Detailed Description
The invention is further illustrated by the following examples in conjunction with the accompanying drawings:
in the present invention, we propose a framework that can construct individual metabolic abnormality networks using whole-body PET/CT SUV images of subjects and healthy controls. The implementation details are presented first and then verified. Finally, an example application was demonstrated and its performance compared to traditional group-level connectivity and single organ uptake analysis.

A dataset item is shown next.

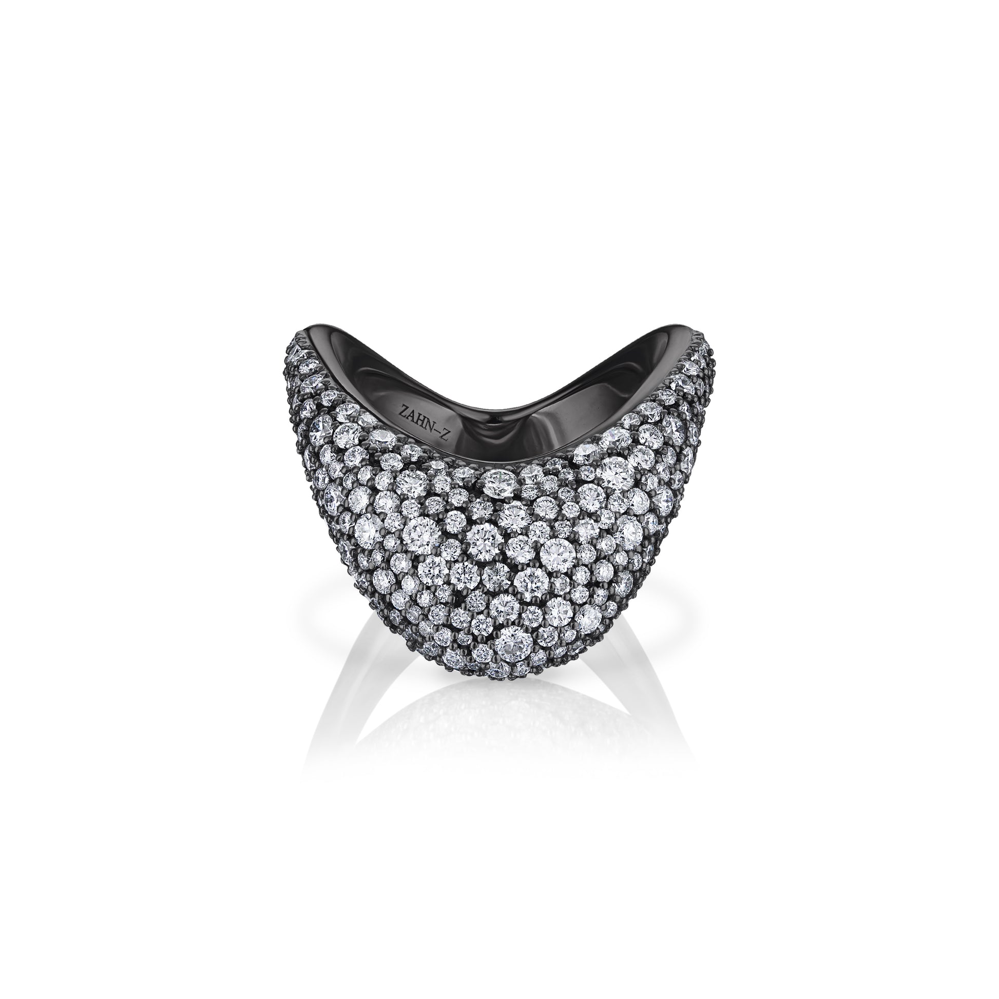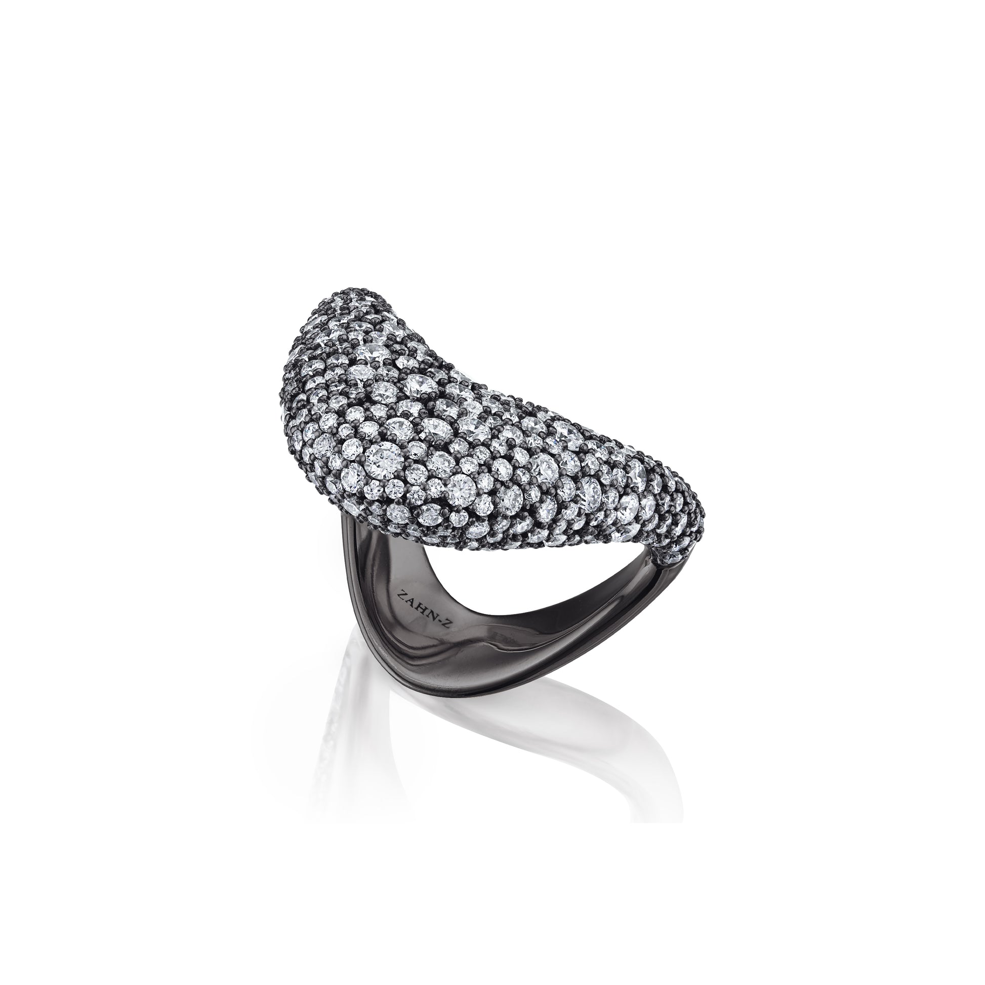 Big ZAHA Unisex Pavé White Diamonds & Blackened Platinum
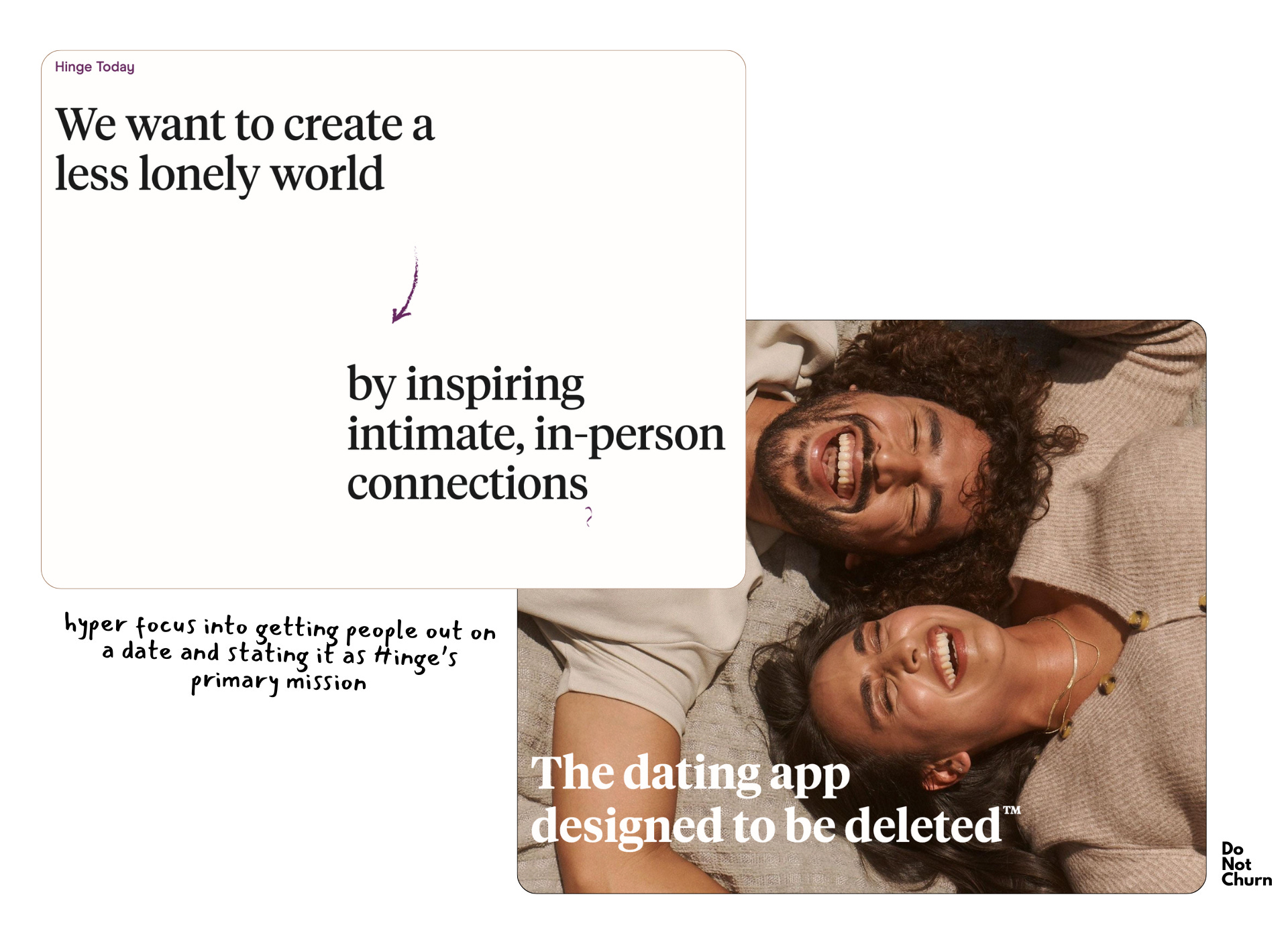 Optimize for outcome, not engagement. Hinge’s “designed to be deleted” works because it aligns business goals with user goals. If your product succeeds when users leave, build the churn loop into the moat - users will pay more and refer more.

Specifically, as shown in fig. 1, a method for investigating a systemic metabolic abnormality at an individual level using a systemic SUV image, includes:
step S101, data acquisition and processing: acquiring 18F-FDG PET/CT scanning data of different sampling areas of different subjects to obtain images with standard uptake values SUV of the different subjects, and selecting the sampling areas through the images; the subjects included a healthy control group consisting of subjects without any disease record, a lung cancer group consisting of subjects diagnosed with lung cancer with different lesions, subjects 30 days after discharge of Covid-19, subjects with unexplained gastrointestinal bleeding;
step S102, constructing individual connection networks of different subjects, and obtaining the metabolic abnormal degree of each sampling area of the different subjects through the individual connection networks of the different subjects;
step S103, performing control group homogeneity analysis, lung cancer group heterogeneity analysis, group-to-individual network analysis and individual network-to-single organ analysis according to the metabolic abnormality degree of each sampling region of different subjects.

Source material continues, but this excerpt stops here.